No changes were made to the release format of CHV or the processing for the 2012AA Metathesaurus. Updates to the CHV content primarily consisted of deletion and/or correction of misspelled terms.
In the previous version, CHV term values with potential spelling errors were identified by setting MRCONSO.SUPPRESS="E". There are 20 atoms remaining with SUPPRESS="E" however these will be reviewed in future versions to determine if they should be changed to "N".
The CHV distribution includes the following. These files, along with additional information can be accessed at http://www.consumerhealthvocab.org
The CUI and UMLS Preferred Name are not explicitly represented in the Metathesaurus, however they are processed to help discover synonymy between CHV terminology and other UMLS sources.
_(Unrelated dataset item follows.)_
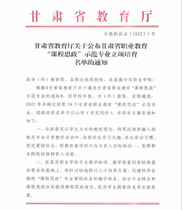 ? 近日,教育廳公布了2021年“技能甘肅”內(nèi)涵項(xiàng)目評(píng)審結(jié)果,中科低碳新能源技術(shù)學(xué)院申報(bào)的甘肅省職業(yè)教育“課程思政”示范專業(yè)、甘肅省職業(yè)教育在線精品課程、甘肅省職業(yè)教育名師工作室均獲評(píng)。

The UMLS preferred flag column is not processed. CHV terms with disparaged = "yes" are not included in the Metathesarus at this time. Attributes with value "\N" are not included in the Metathesaurus release.
The following is a list of elements available for CHV in the tab-separated data file.
# | Field | Description |
Representation |
---|---|---|---|
1 | CUI |
UMLS CUI for this term. (string) |
Used to discover synonymy between CHV terms and terms from other UMLS sources |
2 | CHV_term |
Term as found in text. (string) |
MRCONSO.STR |
3 | UMLS_preferred_name |
Preferred name for UMLS CUI. (string) |
Used to discover synonymy between CHV terms and terms from other UMLS sources |
4 | CHV_preferred_name | Preferred name as defined in Consumer Health Vocabulary. (string) |
Not directly processed |
5 | Explanation |
Explanation or definition for the term, if available. (string) |
MRDEF.DEF |
6 | CHV_preferred |
A boolean variable (yes/no) indicating whether this is the preferred CHV name for the concept. (string) |
Used to determine TTY. CHV Terms with preferred flag = "yes" are assigned TTY="PT". CHV Terms with preferred flag = "no" are assigned TTY = "SY". |
7 | UMLS_preferred |
A boolean variable (yes/no) indicating whether this is the preferred CHV name for the concept. (string) |
Not processed |
8 | Disparaged |
A value of "yes" in the CHV data indicates a misspelling or other abnormality. For this version, disparaged terms were not processed, so all cases of ATN="DISPARAGED" have ATV="no". (string) |
CHV Terms with Disparaged = "yes" are not included in the Metathesaurus at this time |
9 | Frequency_score |
Estimate of thedifficulty of a term, i.e. how likely it is that an average reader will be familiar with or understand a given term. Based on the frequency in several large text corpora. A higher score indicates that a term is more familiar (less difficult). (real number) | MRSAT.ATN = "FREQUENCY" |
10 | Context_score |
Context based estimate of the difficulty of the term. (real number) | MRSAT.ATN = "CONTEXT_SCORE" |
11 | CUI_score |
Estimate of the difficulty of the concept (CUI) derived from determining how closely related the concept is to known examples of easy and difficult concepts. (real number) | MRSAT.ATN = "CUI_SCORE" |
12 | Combo_score |
Combination of frequency, context and CUI scores. Also uses whether or not the term is a top word. (real number) | MRSAT.ATN = "COMBO_SCORE" |
13 | Combo_score_no_top_words |
A slight modification to Combo_score that ignores top word criterion. The top word list is a list of easy words from the Dale-Chall list. (real number) | MRSAT.ATN = "COMBO_SCORE_NO_TOP_WORDS" |
14 | CHV_string_id |
Unique identifier for each entry in the CHV. (string) |
MRCONSO.SAUI |
15 | CHV_concept_id |
Unique identifier for every concept in the CHV. (string) |
MRCONSO.CODE, MRCONSO.SCUI |